Я встаю и ухожу в свою комнату, прихватив со стола кусок чёрного хлеба. В комнате темно. Я не включаю свет. Я скидываю с себя всю одежду, ложусь на диван и закрываю глаза. Мне кажется, что по мне ползают черви.
– Если бабочка не летит на свет, то она уже не бабочка.
Его тихий спокойный голос я безошибочно узнаю из тысячи.
Голос в моей голове.
– Деда?..
Глава 3
Мои голоса.
Я точно помню день, когда начала их слышать.
Они как-то одновременно и вдруг зазвучали во мне. Сначала далеко, еле уловимо и тихо. Потом ближе… Они подползали и скреблись в голове своими тонкими цепкими лапками, будто, запертые в спичечном коробке, сонные полудохлые жуки. Иногда, замерев, на какое-то время они затихали, а потом снова начинали грызть и разрывать рыхлый картон своими упрямыми коготками. Однажды наступил момент, когда внутренние насекомые научились своим скрежетом заглушать говоривших снаружи людей. Тихий шорох лапок постепенно усилился и перерос в долгий протяжный гул, напоминающий звук приближающегося поезда, в котором безумный машинист, высунувшись из окна бьёт по замёрзшей металлической шпале, каждым ударом глубоко вколачивая её мне в мозг.
Сильные головные боли уводили от реальности и не давали заметить, что люди, на самом деле, разговаривали со мной ничтожно мало, а то, что мне казалось однообразным монотонным мычанием, на самом деле, было их мыслями.
Мои голоса.
Они и сейчас иногда гудят внутри, как сонные пчёлы в случайно растревоженном улье.
Я точно помню, когда это началось.
Мне было четыре с половиной года, когда умер мой дед. Это был, пожалуй, единственный родной и близкий мне человек. Единственный мужчина, который любил меня бескорыстно, искренне и просто так. Любил просто, потому что я случайно и без собственного на то согласия родилась на этот свет и просто появилась в его жизни.

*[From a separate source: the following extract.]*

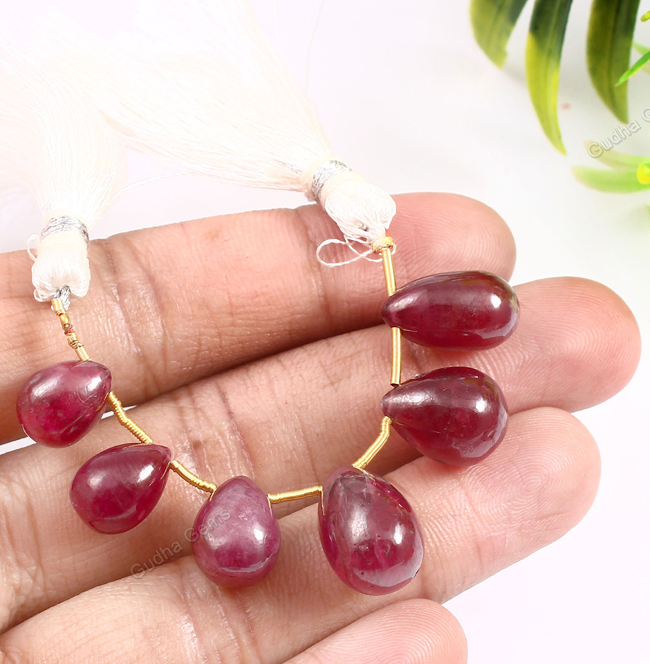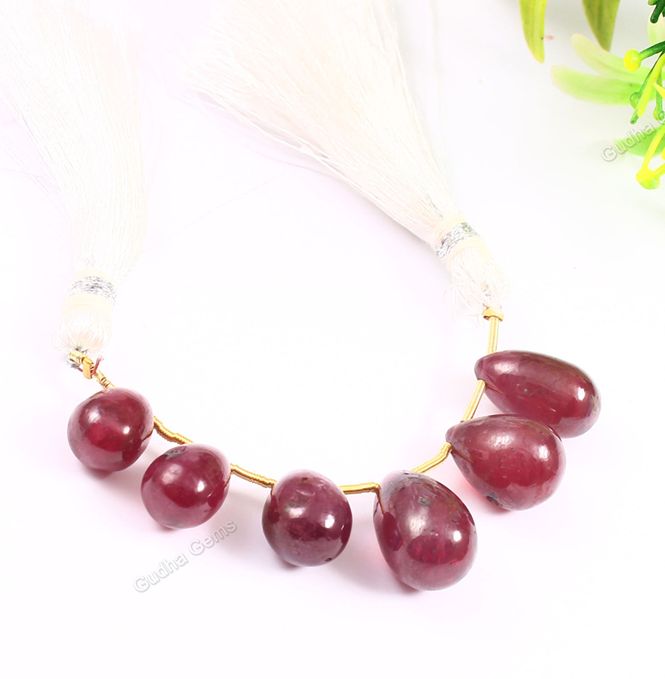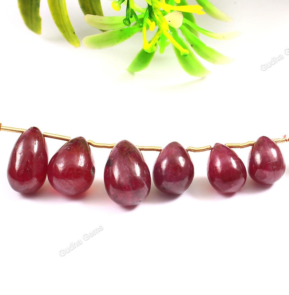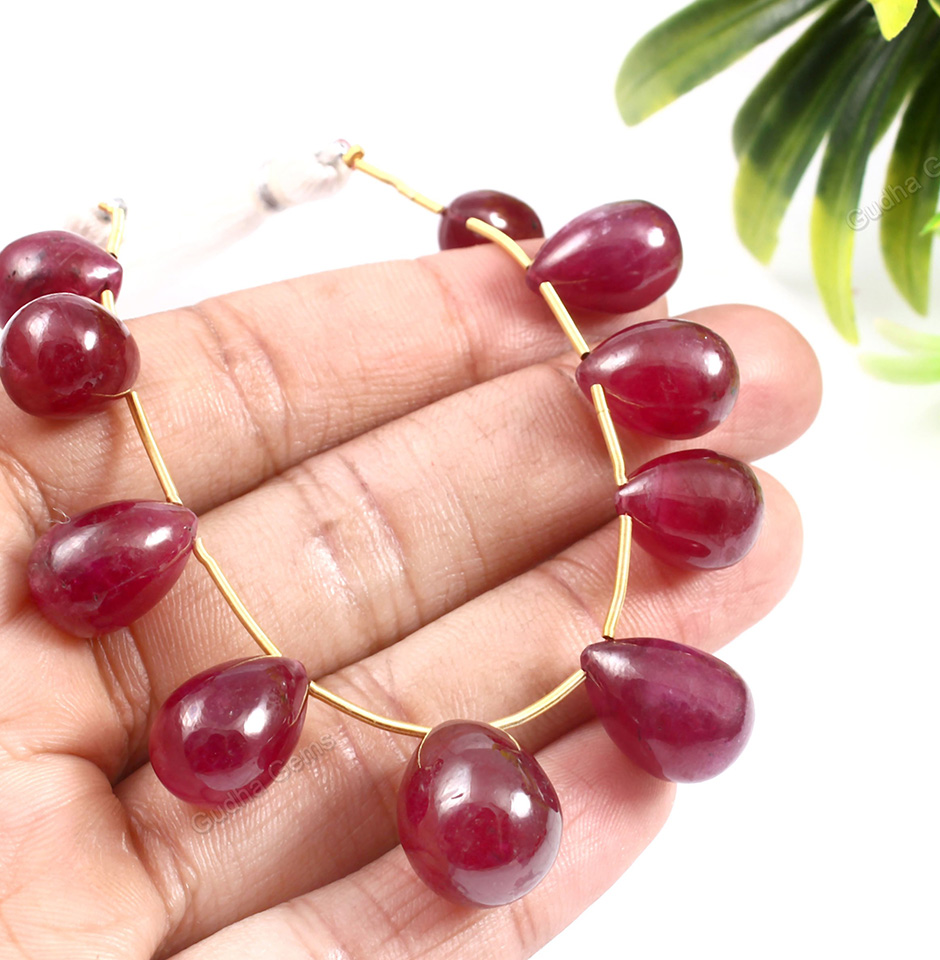 These deep red teardrop beads, which are from Bangkok, range in size from 9 to 14 mm and weigh 162 carats. There are many different sizes and colours of teardrop beads. These hand-carved teardrop shapes exhibit the carvers' talent and give off a unique charm. Gudha Gems is offering these Beads at a discount. We promise that you will receive the best-quality beads available, created from the finest rubies that can be discovered in naturally occurring mines. We are a wholesaler in Jaipur.
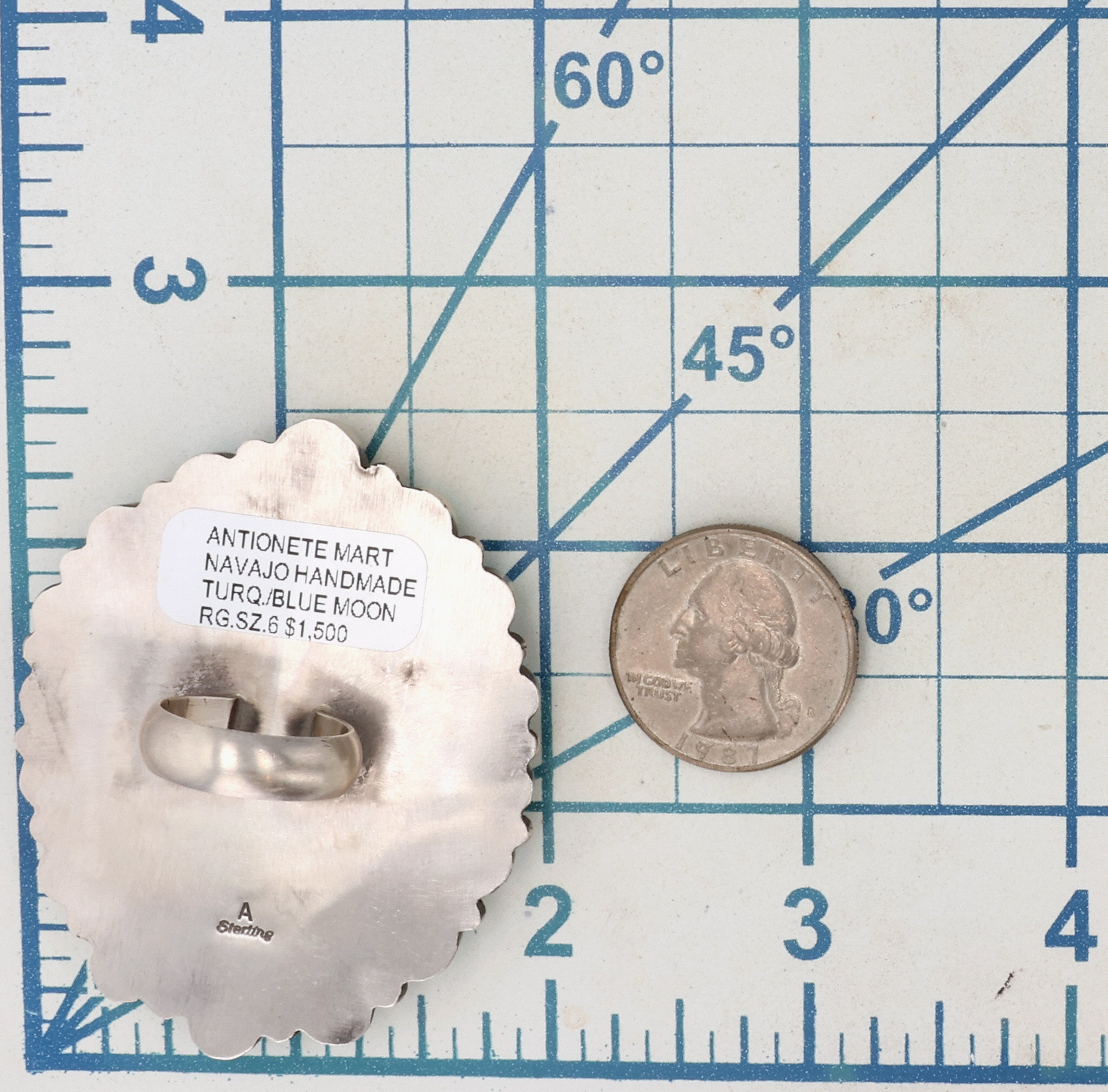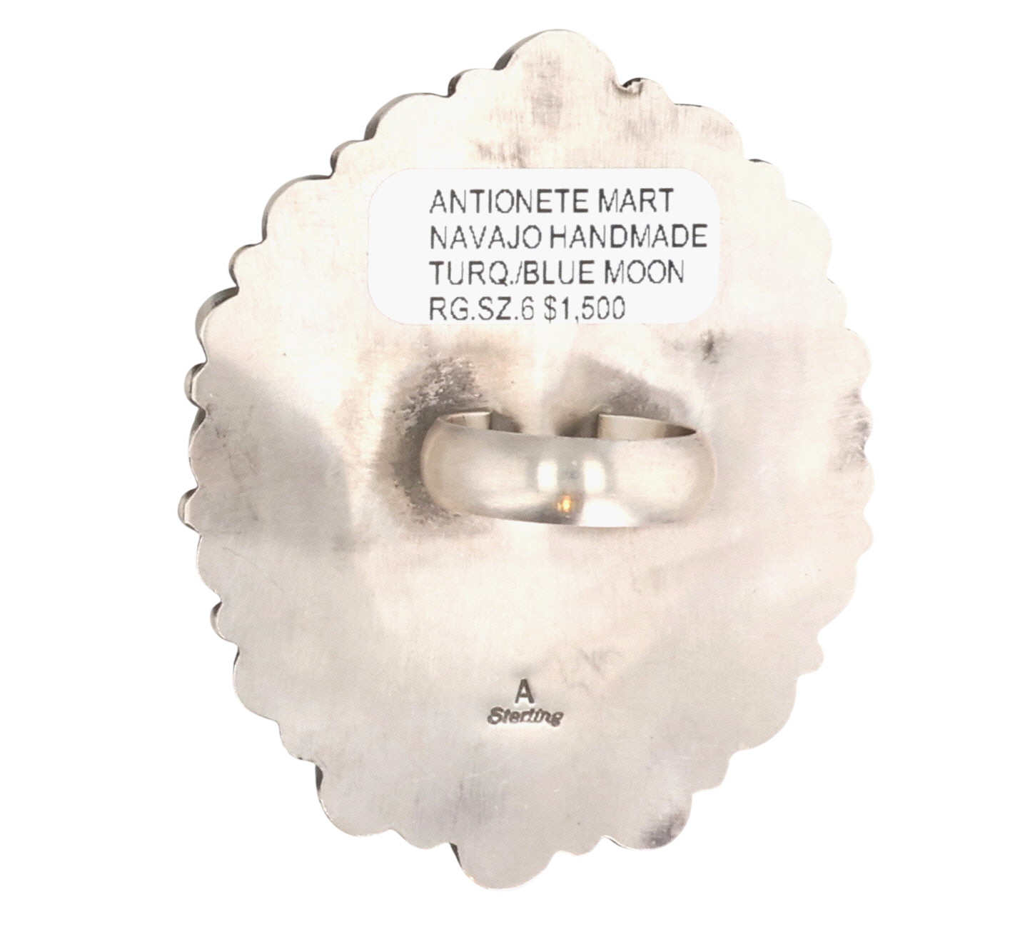 Antoinette Martinez Navajo Sterling Blue Moon Turquoise Ring Sz 6, 44.5g

Он был военным хирургом и имел большой тяжелый кожаный саквояж, наполненный диковинными металлическими инструментами, который всегда казался мне Хранителем Великой Тайны мироздания. Дед никогда не разрешал прикасаться к нему, и уж тем более, открывать. Всегда строго смотрел из-под очков и грозил мне длинным красивым пальцем, пресекая всякие мои попытки даже взять саквояж в руки.
– Заяц, без спроса никогда ничего не трогай!
А еще я помню, как он брился. Опасной бритвой. Сначала как-то особо ловко точил ее при помощи толстого кожаного ремня, а потом также виртуозно и быстро выскабливал свое лицо, стряхивая в таз большие и тяжелые ошмётки плотной мыльной пены. Я всегда стояла у него за спиной и смотрела на это священнодействие, как завороженная. До чего же ловко двигались его хирургические руки! И какая твердость, и отточенность движений. Ни одного лишнего жеста. Ни единой царапины. И ни одной капли крови.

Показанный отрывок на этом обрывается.